High-temperature gas-cooled reactors (HTGRs) in operation use tristructural isotropic (TRISO) particles embedded in graphite and carbonized resin matrix to form the fuel element. This graphite matrix material serves as a supportive structural element, heat transfer medium, and neutron moderator. In HTGR designs, fuel compacts are exposed to helium coolant, which facilitates high outlet temperatures (750°C<T<950°C) and subsequently greater thermal efficiency than current commercial power reactors. However, data pertaining to the oxidation resistance of graphite matrix material in HTGR accident or off-normal conditions (<50k kPa pH₂O, 800°C<T<1600°C) is limited. In this study, both the oxidation behavior of matrix graphite material and its gas-phase products, including CO, CO₂, and H₂, are quantified in varied oxidant atmospheres using a coupled thermogravimetric analyzer and mass spectrometer. Oxidation rates reported here for varied steam (H₂O [g]) atmospheres are predominantly linear and comparable with literature values in the range of tested temperatures (800–1200°C). Changes in dominant matrix oxidation products from primarily CO to a mixture of CO, CO₂, and H₂ were observed at higher temperatures (≥1000°C) and steam atmospheres (≥5 kPa pH₂O). Kinetic data indicates that there was no shift in oxidation regime with chemical oxidation occurring at all temperatures and H₂O (g) atmospheres tested. These data provide insight into the oxidation behavior of graphite matrix material and will inform future testing conditions, notably mixed atmospheric conditions, of HTGR fuel elements.

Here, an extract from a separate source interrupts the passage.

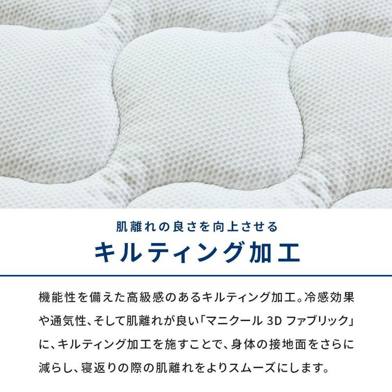 機能性を備えた高級感のあるキルティング加工。冷感効果や通気性、そして肌離れが良い「マニクール3Dファブリック」に、キルティング加工を施すことで、身体の接地面をさらに減らし、寝返りの際の肌離れをよりスムーズにします。
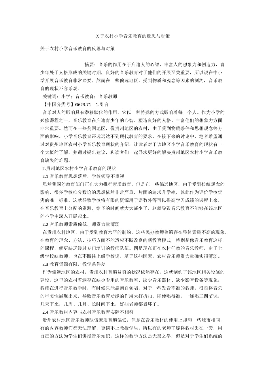 关于农村小学音乐教育的反思与对策 关于农村小学音乐教育的反思与对策 摘要:音乐的作用在于启迪人的心智,丰富人的想象力和创造力,青少年处于人格形成的关键时期,良好的音乐教育对于他们的开展至关重要,所以说在中小学开展音乐教育非常必要然而在一些偏远地区,受到物质和观念等因素的制约,音乐教育的现状不容乐观 关键词:小学;音乐教育;音乐教师 【中国分类号】G623.71 1.引言 音乐对人的影响具有潜移默化的作用,它以一种特殊的方式影响着每一个人作为小学的必修课程之一,音乐教育在启迪青少年的心智、塑造良好的人格、丰富他们的想象力方面非常重要然而在一些贫困地区,像贵州地区的农村,由于受到物质条件和思想观念等方面的影响,小学音乐教育还远远达不到现代教育的要求,在接下来的讨论中,笔者希望通过对贵州地区农村小学音乐教育现状的介绍,让读者对于该地区小学音乐教育的现状有一个大概的了解,并通过提出建议,和读者们一起寻求更好的解决贵州地区农村小学音乐教育缺失的难题 2.贵州地区农村小学音乐教育的现状 2.1音乐教育思想落后,学校领导不重视 虽然我国的教育部门正在大力推行素质教育,但是在一些偏远地区,由于受到传统观念的影响,很多学校唯分数论的思想依然非常严重,片面的追求升学率,以此作为评价学校优劣的唯一标准。

运行中的高温气冷堆 (HTGR) 使用嵌入石墨和碳化树脂基质中的三结构各向同性 (TRISO) 颗粒来形成燃料元件。这种石墨基体材料用作支撑结构元件、传热介质和中子减速剂。在 HTGR 设计中，燃料压块暴露在氦冷却剂中，这有助于提高出口温度 (750°C<T<950°C)，随后比当前的商业动力反应堆具有更高的热效率。然而，有关石墨基体材料在高温气冷堆事故或非正常条件下（<50k kPa p H ₂ O，800°C<T<1600°C）的抗氧化性的数据是有限的。在本研究中，基体石墨材料及其气相产物（包括 CO、CO）的氧化行为₂，和H ₂，在使用耦合热重分析仪和质谱仪多样氧化剂大气压进行定量。此处报告的不同蒸汽 (H ₂ O [g]) 气氛的氧化率主要是线性的，并且在测试温度范围内 (800–1200°C) 与文献值相当。在较高温度 (≥1000°C) 和蒸汽气氛 (≥5 kPa p H ₂ O)下观察到主要基质氧化产物从主要为 CO 到 CO、CO ₂和 H ₂的混合物的变化。动力学数据表明，在所有温度和 H ₂下发生化学氧化时，氧化状态没有发生变化O (g) 大气测试。这些数据提供了对石墨基体材料氧化行为的深入了解，并将为 HTGR 燃料元件的未来测试条件，特别是混合大气条件提供信息。